WonderWorks is an entertainment center focused on science exhibits with six locations in the United States. Its buildings are commonly built as if they are upside down.

The experience is considered "edutainment", a combination of education and entertainment.

It contains numerous interactive exhibits through which guests can learn about various phenomena and experience them firsthand.

==Description==
Each WonderWorks location contains interactive entertainment exhibits on the themes of space, physics, and math. Some locations also offer a dinner magic show, as well as a 4D XD motion theater. Each WonderWorks building is designed to look as if an existing building was ripped free of the ground by severe weather and dropped upside down on its roof. This unique design is credited to the Orlando architect Terry O. Nichoson of Nichoson Design International, at WonderWorks' original Orlando location.

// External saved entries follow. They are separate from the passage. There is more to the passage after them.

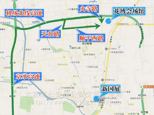 (一)由京承高速路經(jīng)機場北線高速路、火寺路出口、火寺路;或由機場北線高速路天北路出口經(jīng)天北路、順平西路至花博會場館自駕車停車場。
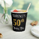 This luxurious and opulent birthday paper cup design features a customisable name and the message “50th Birthday Party”. The large number “50th” has a faux/imitation gold-inspired colouring pattern, the words “Birthday Party” are in elegant script-style text, and the background is coloured black by default (although it can be customised). Fancy, ornate paper cups like this might be used at a birthday party/celebration being held in celebration of somebody’s fiftieth birthday. [~Z0000567]
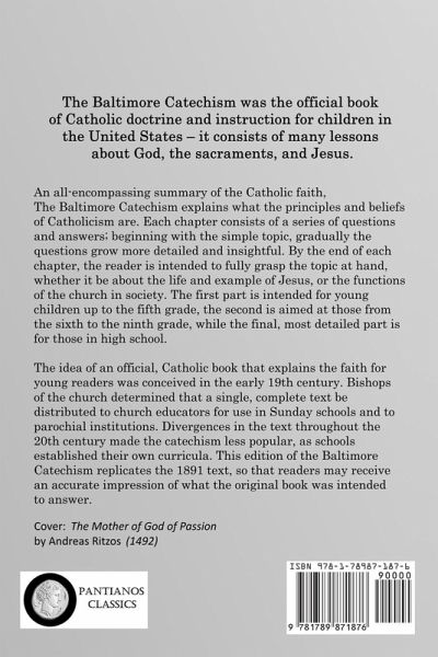 The Baltimore Catechism was the official book of Catholic doctrine and instruction for children in the United States – it consists of many lessons about God, the sacraments, and Jesus. An all-encompassing summary of the Catholic faith, The Baltimore Catechism explains what the principles and beliefs of Catholicism are. Each chapter consists of a series of questions and answers; beginning with the simple topic, gradually the questions grow more detailed and insightful. By the end of each chapter, the reader is intended to fully grasp the topic at hand, whether it be about the life and example of Jesus, or the functions of the church in society. The first part is intended for young children up to the fifth grade, the second is aimed at those from the sixth to the ninth grade, while the final, most detailed part is for those in high school. The idea of an official, Catholic book that explains the faith for young readers was conceived in the early 19th century. Bishops of the church determined that a single, complete text be distributed to church educators for use in Sunday schools and to parochial institutions. Divergences in the text throughout the 20th century made the catechism less popular, as schools established their own curricula. This edition of The Baltimore Catechism replicates the 1891 text, so that readers may receive an accurate impression of what the original book was intended to answer.

Nichoson went on to serve as the main design consultant for all subsequent WonderWorks locations. 5 of the 6 locations offer laser tag and a multi-story ropes course. The Myrtle Beach location has an outdoor ropes course and zip-line, The Branson Location is the only location that does not have a ropes course. Most WonderWorks locations are open 365 days a year and it takes about 3–4 hours to tour each attraction.

The company has locations in Orlando, Florida (March 3, 1998); Pigeon Forge, Tennessee (2006); Panama City Beach, Florida (2009); Myrtle Beach, South Carolina (located in the Broadway at the Beach shopping mall) (2011); Syracuse, New York (located inside of Destiny USA) (2012) and Branson, Missouri (2020).

The exterior of WonderWorks museum is an upside-down building complete with upside down yard and decorations that continue to the inside of the museum.

== Story ==
The story of WonderWorks begun with the world's greatest scientists led by Professor Wonder. Their top-secret research laboratory located on a remote island in the Bermuda Triangle was the site for their latest experiment, creating a man-made tornado. The experiment went wrong, and the tornado was unleashed into the laboratory, removing it from the ground and carried it thousands of miles away until it landed upside down onto the current locations.

== Lower Buildings ==
Each location has the WonderWorks Lab on top of a random building:

Orlando, Florida: Warehouse
Pigeon Forge, Tennessee: Theater
Panama City Beach, Florida: Surf Shack
Myrtle Beach, South Carolina: Crab Shack
Syracuse, New York: 3rd Floor of Destiny USA
Branson, Missouri: Log Cabin

== Experiences ==

=== The WonderZones ===

==== Natural Disasters ====
The natural disasters zone includes activities such as the Tesla Coil, Earthquake Cafe, Hurricane Shack, how cold is it? and Trivia Wall. During these experiences, guest can watch the tesla coil emit 100,000 volts of electricity, feel an earthquake with a magnitude of 5.3 on the Richter Scale, experience a hurricane wind of 74 miles per hour, hold their hands under 28 °F icy water, and answer trivia questions about weather and disasters.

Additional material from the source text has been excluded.